Un uomo senza la possibilità di pronunciare parole potrebbe essere paragonato ad un uomo senza proiettili prima di un duello armato di pistola.
Pertanto, nessuno deve meravigliarsi se un genitore dovesse manifestare preoccupazione di fronte ad un ritardo di acquisizione del linguaggio da parte del proprio figlio.
A questo va aggiunto che le ipotesi creazioniste (Chomsky), come quelle innatiste (Pinker), contribuirono non di poco a rafforzare l’idea generale che chi non parlava non capiva, ovvero, chi non aveva linguaggio era affetto da grave ritardo mentale.
E’ questo il motivo per il quale, dalle interviste alle mamme ed ai papà dei bambini con disturbo dello spettro autistico, nei primi 5-6 anni di vita, emerge che il linguaggio del loro bambino è l’aspetto più preoccupante (65% dei casi, mentre per il restante 35%, a questa età, l’aspetto più preoccupante è rappresentato dal comportamento e/o dalla mancata acquisizione delle autonomie personali).
Ma il linguaggio, come il comportamento e le autonomie, deve essere appreso, cioè richiede che si verifichino una serie di modifiche strutturali e funzionali all’interno del cervello umano.
Modifiche, che non possono essere programmate esclusivamente dalla genetica ma, che necessitano di un’interazione cucciolo/ambiente.

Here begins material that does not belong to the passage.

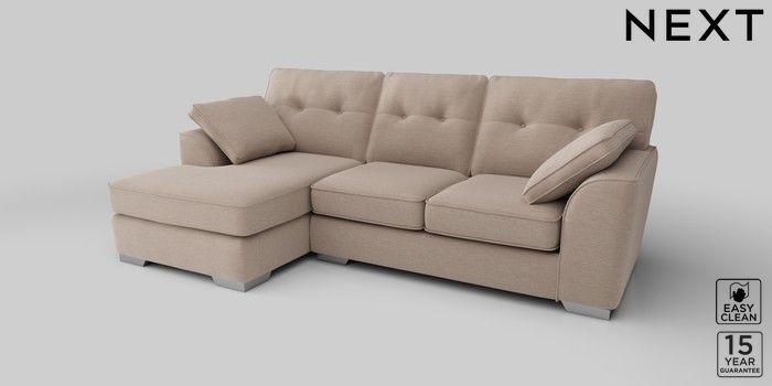 6.12.1 Buy Stamford Buttoned Back Medium Sofa Chaise - Left Hand Fine Chenille Easy Clean Mid Taupe Brown Large Square Angle - Chrome Metal from the Next UK online shop Click here to use our accessible website
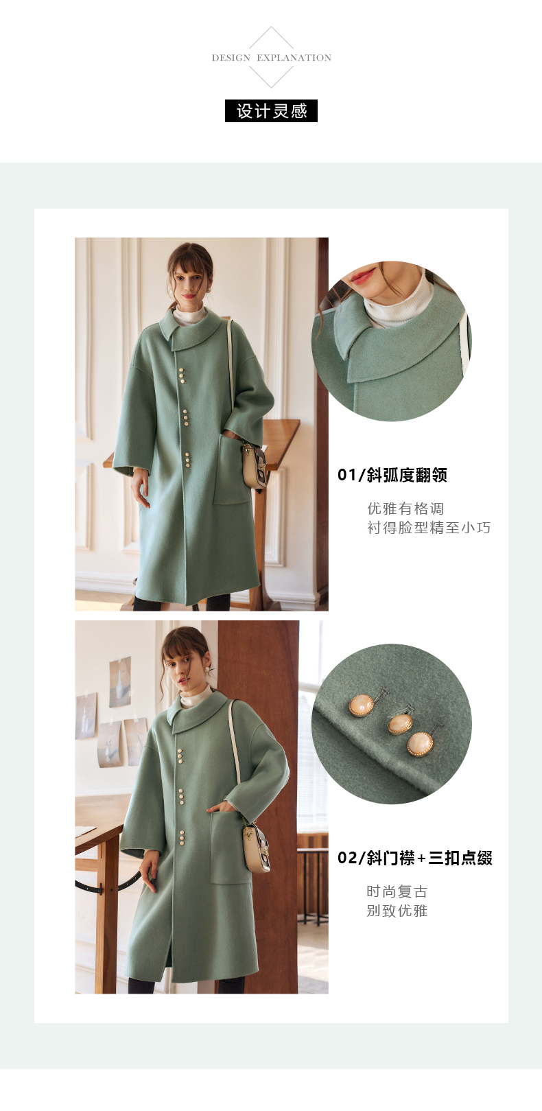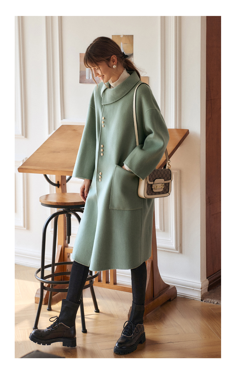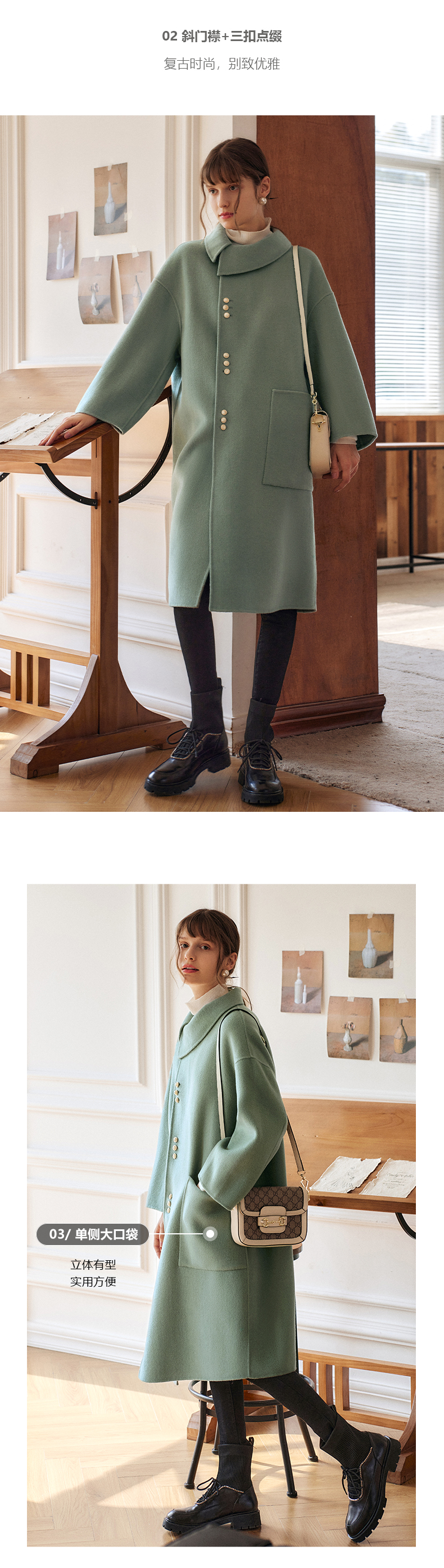 欧芮儿双面毛呢外套女冬季新款2021宽松显瘦百搭气质过膝羊毛大衣

La mia ipotesi è che, il bambino con disturbo dello spettro autistico, per i suoi neurostati, stabilirà ben presto un’anomala interazione cucciolo/ambiente con conseguenti apprendimenti atipici.
Per capire quali neurostati sono primariamente coinvolti di sicuro è fondamentale conoscere come fisiologicamente acquisiamo le parole.
Storicamente (quanto scritto sopra nè giustifica il motivo), siamo molto impegnati nel tentativo di stabilire “quando” un cucciolo d’uomo pronuncia le SUE prime parole (intorno ai 14 mesi di vita per gli occidentali). In realtà sostengo che sarebbe molto più corretto chiedersi cosa deve accadere prima che parli (abbiamo visto ieri quante cose) e, soprattutto, perchè l’uso del linguaggio inizia intorno ai 14-18 mesi?
Per prima cosa dobbiamo essere bravi nel comprendere che esiste una distinzione tra acquisizione del linguaggio ed uso del linguaggio (per i neurologi questo è scontato).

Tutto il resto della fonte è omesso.